[Qemu-devel] [RFC PATCH 00/30] Xen Q35 Bringup patches + support for PCIe Extended Capabilities for passed through devices

Alexey Gerasimenko posted 30 patches 6 years ago
Only 17 patches received!
hw/acpi/ich9.c               |   24 +
hw/acpi/pcihp.c              |    8 +-
hw/core/machine.c            |   21 +
hw/i386/pc_q35.c             |   27 +-
hw/i386/xen/xen-hvm.c        |   32 +-
hw/isa/lpc_ich9.c            |    4 +
hw/pci-host/piix.c           |    2 +-
hw/pci-host/q35.c            |   14 +-
hw/xen/xen-host-pci-device.c |  110 ++++-
hw/xen/xen-host-pci-device.h |    6 +-
hw/xen/xen_pt.c              |   53 +-
hw/xen/xen_pt.h              |   19 +-
hw/xen/xen_pt_config_init.c  | 1109 +++++++++++++++++++++++++++++++++++++++---
include/hw/acpi/ich9.h       |    2 +
include/hw/acpi/pcihp.h      |    2 +
include/hw/boards.h          |    1 +
include/hw/i386/ich9.h       |    1 +
include/hw/i386/pc.h         |    3 +
include/hw/pci-host/q35.h    |    4 +-
include/hw/xen/xen.h         |    5 +-
qemu-options.hx              |    1 +
stubs/xen-hvm.c              |    8 +-
22 files changed, 1333 insertions(+), 123 deletions(-)
[Qemu-devel] [RFC PATCH 00/30] Xen Q35 Bringup patches + support for PCIe Extended Capabilities for passed through devices
Posted by Alexey Gerasimenko 6 years ago
This patch series introduces support of Q35 emulation for Xen HVM guests
(via QEMU). This feature is present in other virtualization products and
Xen can greatly benefit from this feature as well.

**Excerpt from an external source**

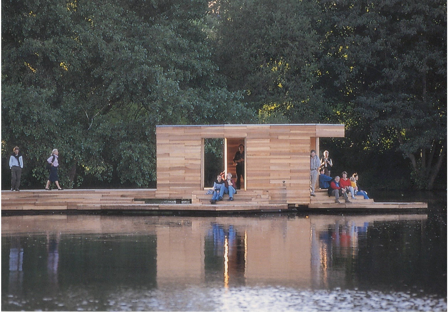
JORGE PARDO, PIER, 1997, redwood, metal, cigarette vending machine, installation view, "Skulptur. Projekte Münster" / Rotholz, Metall, Zigarettenselbstautomat.

Raum blieb offen und leer. Die Ausstellung bestand also vor allem aus Licht und Raum und erwies damit dem über lange Jahre wohl bekanntesten in Los Angeles entstandenen Trend seine Referenz. Licht war seit jeher Pardos Thema gewesen. Bei den handgeblasenen Lampen, die er nach wie vor entwirft, geht die Auffassung des Lichts als taktiles Element – ein für die Arbeiten von Robert Irwin oder James Turrell charakteristisches Konzept – Hand in Hand mit der Konstruktion eines modernen, farbenfrohen häuslichen Environments, das an Charles und Ray Eames, zwei weitere Designklassiker aus L. A., erinnert. Als Pardo sein eigenes Haus für das Publikum öffnete, füllte er das tiefer gelegene Atelier mit Lampen, die er für das Boijmans Van Beuningen Museum

The main goal for implementing Q35 emulation for Xen was extending PCI/GPU
passthrough capabilities. It's the main advantage of Q35 emulation
- availability of extra features for PCIe device passthrough. The most
important PCIe-specific passthrough feature Q35 provides is a support for
PCIe config space ECAM (aka MMCONFIG) to allow accesses to extended PCIe
config space (>256), which is MMIO-based.  Lots of PCIe devices and their
drivers make use of PCIe Extended Capabilities, whose can be accessed only
using ECAM and offsets above 0x100 in PCI config space. Supporting ECAM
is a mandatory feature for PCIe passthrough. Not only this allows
passthrough PCIe devices to function properly, but opens a road to extend
Xen PCIe passthrough features further -- eg. providing support for AER. One
of possible directions is providing support for PCIe Resizable BARs --
a feature which likely to become common for modern GPUs as video memory
sizes increase.

Q35 emulation may also be useful for other purposes. In fact, the emulation
of a more recent chipset partially closes a huge gap between a set of
required platform features and the actual emulated platform capabilities
- lot of required functionality is actually missing in a real i440 chipset.
One can look at IGD passthru support patches from Intel for example:
according to code comments, they had to create a dummy PCI-ISA bridge
at BDF 0:1F.0 in order to make the old i440 system look more modern, just
to make it compatible with IGD driver. Using Q35 emulation with its own
emulated LPC bridge allows to avoid workarounds like this. i440 on its own
is a fairly outdated system and doesn't really support lot of things, like
MMIO hole above 4Gb (although it is actually emulated). Also, due to the
i440 chipset's age the only fact of its usage may be used as a reliable
method to detect a virtualized environment by some malicious software
especially considering the fact that i440 emulation is shared among
multiple virtualization products.

On top of this series I've also implemented a solution which solves
existing Xen puzzle with HVM memory layout -- handling of VRAM, RMRRs and
MMIO hole in general. This "puzzle" (memory layout inconsistency between
libxl/libxc, hvmloader and QEMU) is a sort of fundamental problem which
plagues Xen for years and among few other issues prevents Xen to become a
decent GPU/PCIe passthrough platform (which it should be). This solution
also allows to later resolve current PCI passthrough incompatibility
issues, eg. with Populate-on-Demand. In fact, i440 support has been added
as well, but it's a bit hacky as it uses NB registers which are not present
in a real i440 (well, one more non-existing i440 feature won't harm anyway
as there are plenty of them already). I'm planning to send RFC patches of
this solution right after current patches will be reviewed and related code
settle, to rebase patches on top of it. Also, a good description is
required as the change is rather radical.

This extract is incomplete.